Saved data entries:
-=-=-

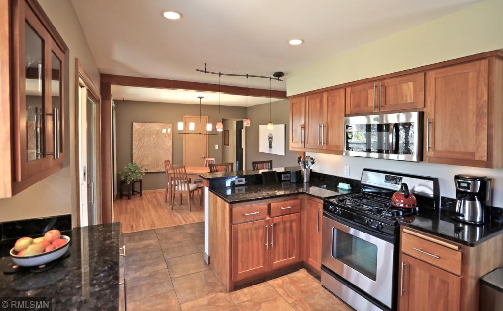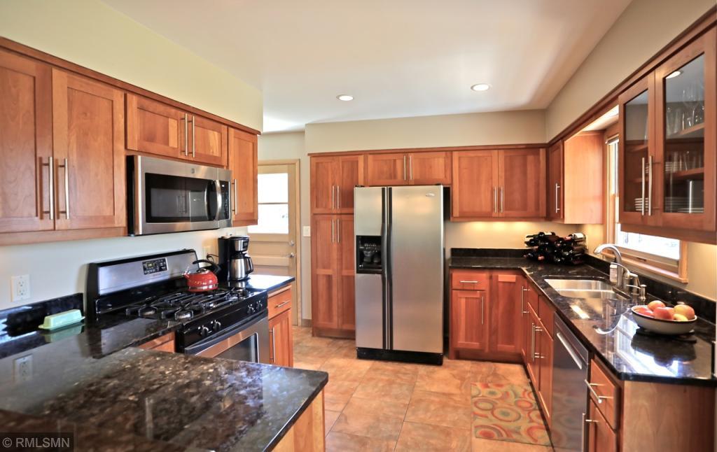 Immaculate updated one story home in convenient Richfield location! Stunning renovated kitchen w/granite counters, st. steel appliances, abundant cherry cabinets opens to dining room, perfect for entertaining. Relax and enjoy the summer breeze in the vaulted 3 season porch off the back of the home. 2 bedrooms on the main floor and classic tiled full bath. Living room w/cut stone fireplace, hardwood floors under carpet. Lower level tiled 3/4 bath. French doors open to 3rd bedroom w/egress window. Generous LL family room w/brick fireplace & built in office area. Central air conditioning. Attached one car garage w/extra space for storage. 2 tiered deck off back porch & paver patio area. Expansive fenced yard w/raised garden beds, space for gardening. Walking distance to restaurants, shopping, & easy access for commuting.
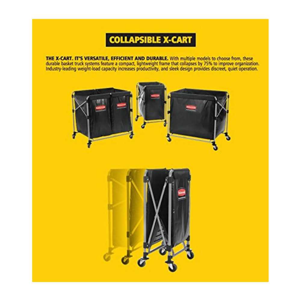 Features. Durable easy-to-maneuver basket truck efficiently transports large bulk loads and then you can conveniently collapse it to minimize storage footprint. Cart’s width is reduced by 75 percent when collapsed. Collapsible X-Cart stays upright in the collapsed position. Robust stainless steel powder-coated frame prevents rusting and supports 220 lbs. of load. With the Multi-Stream advantage the 8-bushel capacity is split into two baskets to easily divide and sort materials. Color-coded ribbons classify transport materials to prevent cross-contamination. Premium quiet casters swivel for superior maneuverability. Bumper guards add extra protection during transport. Detachable bag is easy to clean.
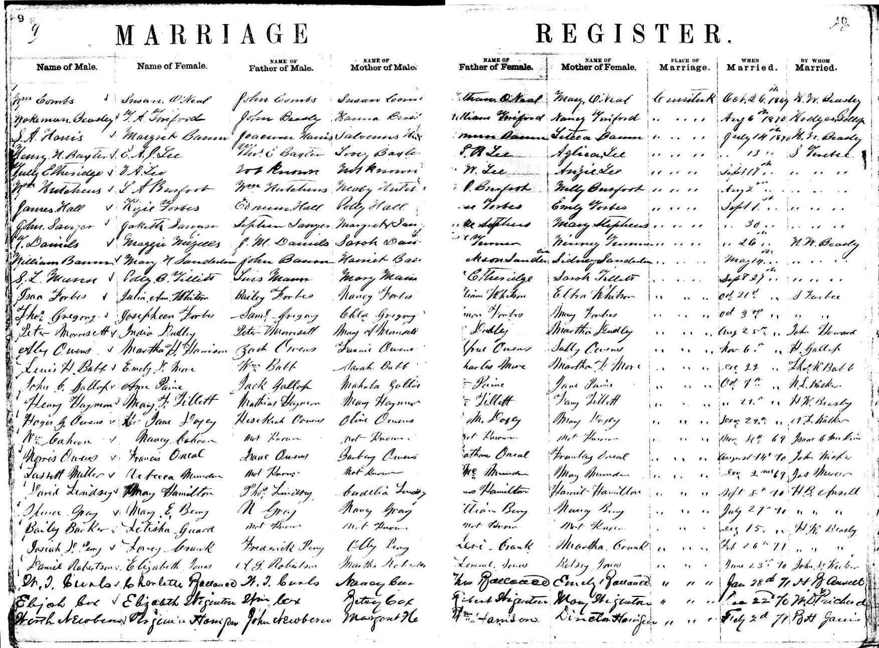 | Hobbs, Charles | Jesse Hobbs | not known | O'Neal, Bethana | Nathan O'Neal | Frankey O'Neal | Feb. 9, 1868 | B.H. Jarvis |
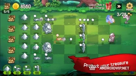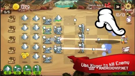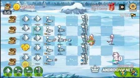Игровой процесс проходит следующим образом: на первой линии необходимо выстроить элементы, которые будут добывать специальные ресурсы и элементы. На второй – элементы защиты и своих подопечных. Все остальное построено на основе кликера. Если вдруг в какой-то части обороны пропал боец с пушкой, ничего страшного, начните тапать по врагу, который решил воспользоваться этой слабостью, и вы расправитесь с ним, даже не используя никакого вооружения.
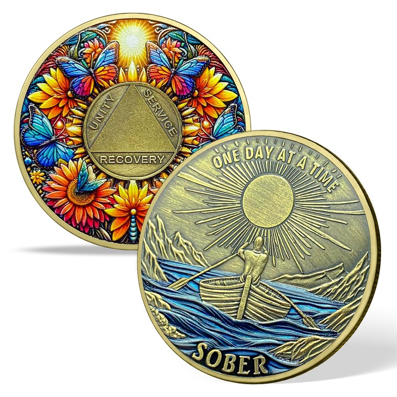 deDecoml Inspirational Sobriety Challenge Coin with Vibrant Nature and Recovery Symbols (4 Years)

-=-=-

Instructions to follow:
Leave every picture out and return exactly the lines from the one holding "Игровой процесс проходит" through the end of the records above, both ends included, and nothing more.

Solution to the problem:
Игровой процесс проходит следующим образом: на первой линии необходимо выстроить элементы, которые будут добывать специальные ресурсы и элементы. На второй – элементы защиты и своих подопечных. Все остальное построено на основе кликера. Если вдруг в какой-то части обороны пропал боец с пушкой, ничего страшного, начните тапать по врагу, который решил воспользоваться этой слабостью, и вы расправитесь с ним, даже не используя никакого вооружения.
 deDecoml Inspirational Sobriety Challenge Coin with Vibrant Nature and Recovery Symbols (4 Years)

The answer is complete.